Re-using work in data integration

Data integration is a huge problem. There's a ton of work out there on automating the process of merging two datasets into a unified whole, but most of it misses one important factor: Exceptions are the norm in data integration. That means that data integration is a labor intensive task, involving everything from encoding standard translations (e.g., ℉ - 32 * 9/2 = ℃), dictionaries (e.g., NY = New York), and more complex relationships (e.g., geocoding street addresses). Worse, once datasets A and B are integrated, integrating dataset C is nearly as much work. Maybe you have some code left over from integrating A and B (and hopefully your student/employee is still around to explain it to you), but you really need to sit there to try to figure out which bits of that code can be re-used... or you do everything from scratch.

This is why, I got very excited when I ran into some work by Fatemeh Nargesian on searching for unionable datasets.
The idea is simple: you index a data lake, hand it a dataset, and it figures out which datasets in the lake have "similar" columns (based on a clever use of word embeddings). Enough similar columns, and there's a good chance that you can just union the datasets together.

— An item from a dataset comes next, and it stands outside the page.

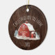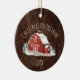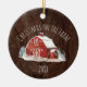Celebre o Natal na fazenda este ano! Este ornamento apresenta uma imagem de fundo de madeira rústica. Por cima do fundo está um celeiro de aquarelas, árvores e neve. As palavras "Natal na Fazenda", arca acima do celeiro, e abaixo da ilustração está espaço para você personalizar o ano. Carregue sua foto na parte traseira do ornamento e adicione texto!

My students Will Spoth and Poonam Kumari got to talking with Fatemeh and me about how we could use this idea to make it easier to re-use data integration code --- basically, how could we make it easier to re-use integration work. Our first steps towards this goal just got accepted at HILDA. Our approach, called Link Once and Keep It (Loki) is also simple: When you integrate two datasets together, you record the translations that got you from the dataset to a common schema. This is something that can easily be done in our prototype, provenance-aware notebook Vizier. For example, we might record how body temperature in one dataset was translated from ℉ to the ℃ used in the other dataset, or the dictionary translation of state abbreviations (NY) to full state names (New York) used in the other dataset.

Now that we have one mapping, anytime we need to translate ℉ to ℃ or to expand abbreviated state names, we have the logic needed to pull it off. What remains is to figure out when to propose the translation to the user. This is where Fatemeh's work on unionability comes in: Whenever two columns are "similar", there's a good chance they're of the same type and that the same mappings apply. We took the opportunity to define a new similarity metric for numeric types, based on the distribution of values in the data. Unlike the prior approach based on word embeddings, this is far more likely to give false positives, but in this setting that's ok, since our goal is only to find and suggest translations to the user.

Loki combines this with a graph-based search for chains of translations that can be used to translate a source attribute family into a target attribute family. This will allow Loki to answer two classes of queries: (1) What transformations will get me from a source dataset to a target schema, and (2) Is there a schema that I can map two datasets into with minimal work. While Loki is still in the exploratory prototype phase, we hope to be able to release it one day as a slowly growing repository of translation rules.


This page last updated 2024-12-03 16:56:13 -0500